I know I made this big song and dance about “going easy on myself” and “not panicking if I don’t blog every single day” at the beginning of this month-long journey, but I’m just over a week in and I’m fighting myself over these very statements. I wanted to prioritize editing my latest vlog and by the time I was done with that, it was way too late to stay up working on my December Daily album.
I spent the whole day today feeling anxious about it and trying to figure out how I could swing catching up tonight. And then something magical happened. I sat down to work on my Day 9 spread and I felt myself calm down within a few minutes. I let myself get lost in focusing on the project and all my other cares literally slipped away. I’ve been a very anxious panda (<– don’t ask, lol) lately so any moments of calm are particularly meaningful gifts to me right now.
I know this spread doesn’t look like much in terms of crafting effort, but I spent about an hour on it between making decisions about the story and images to include, the layout (I know that whatever layout I choose affects my layout for the next spread so there’s some advance considerations for that), and picking embellishments. Trust me when I say this was an hour well spent. I haven’t been sleeping particularly well lately, but the kind of calm that working on this project provides me with helps immensely. I am so grateful for all of the gifts that honoring this endeavor provides me with!
Today, I picked a fairly simple story, but one with a big impact: my children at play while learning about the Christmas story. I don’t like to talk often about religion publicly, because I find that it can draw out some very bad behavior in comments. I’ve gone through different phases with seeking and trying out organized religion over the years. Where I’ve landed in the past decade or so is that while I do not currently prescribe to a particular organized religious practice, I consider myself a very spiritual person. I highly value my connection with God. And I respect everyone’s right to believe whatever they wish and do not tolerate narrow mindedness when it comes to spirituality (fair warning that that those kinds of comments are not acceptable on any of my platforms).

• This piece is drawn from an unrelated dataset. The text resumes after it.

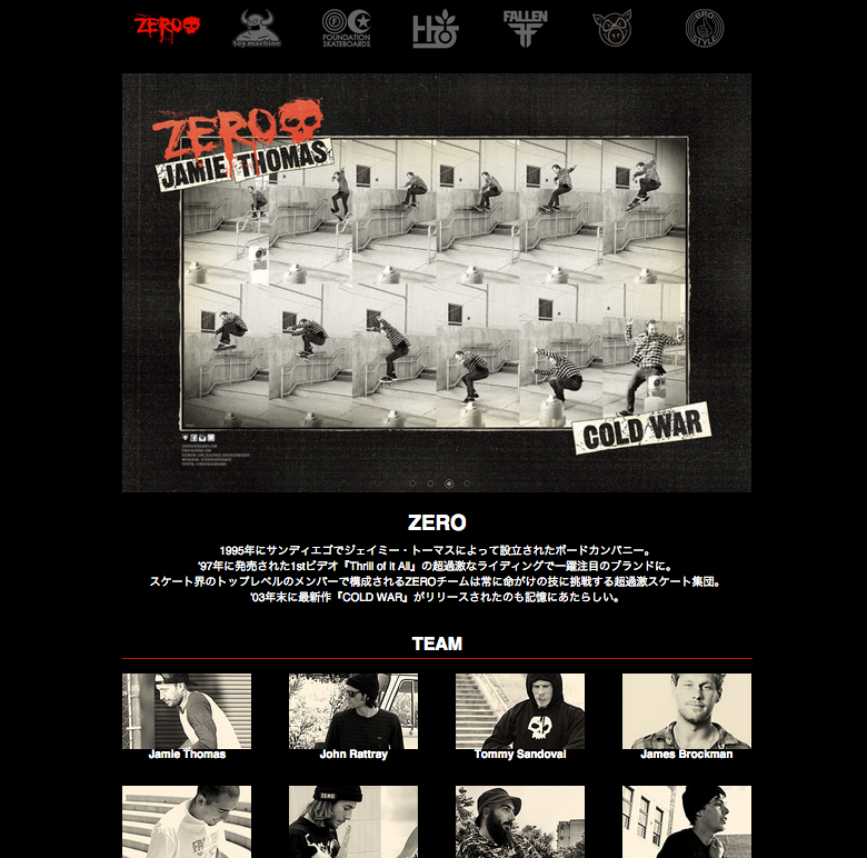 サイトの構成は各ブランドのADやブランドの説明、ライダー紹介というもので、K&Kが取り扱うブランドの世界観を一気に知ることができるシンプルで見やすい内容となっております。

Despite not being an active Christian in the traditional sense of the word, I respect and admire many of the Christian teachings and the Christmas story is my personal favorite. I’m not sure you can actually read what I wrote on the tag that holds my story for this spread in the photo above, so I’ll type it out here:
I believe this story matters regardless of any particular personal beliefs. It is about hope at its core and shining a light on dark times. We could all always use more light and hope in this world.
It’s not very deep, but that accurately sums up my feelings about the Christmas story. It is an important part of our celebration of the season and continues to be something I enjoy sharing with my children.
Please be advised that some of the links provided are affiliate links and I do receive a small commission if you make a purchase using those links. This does not cost you any extra when you make a purchase. I very much appreciate your support of this blog in doing so!
On a lighter note, I decided to include a stock image of the toy labeled with the price and where it is currently sold, because I find those kinds of little details particular interesting when looking back at older memories. It may seem silly, but I’m the kind of person who will get a kick out of that when I’m looking back at this in fifty years. If you’re interested in this toy (my 1 and 3 year olds both adore it!), you can find it here.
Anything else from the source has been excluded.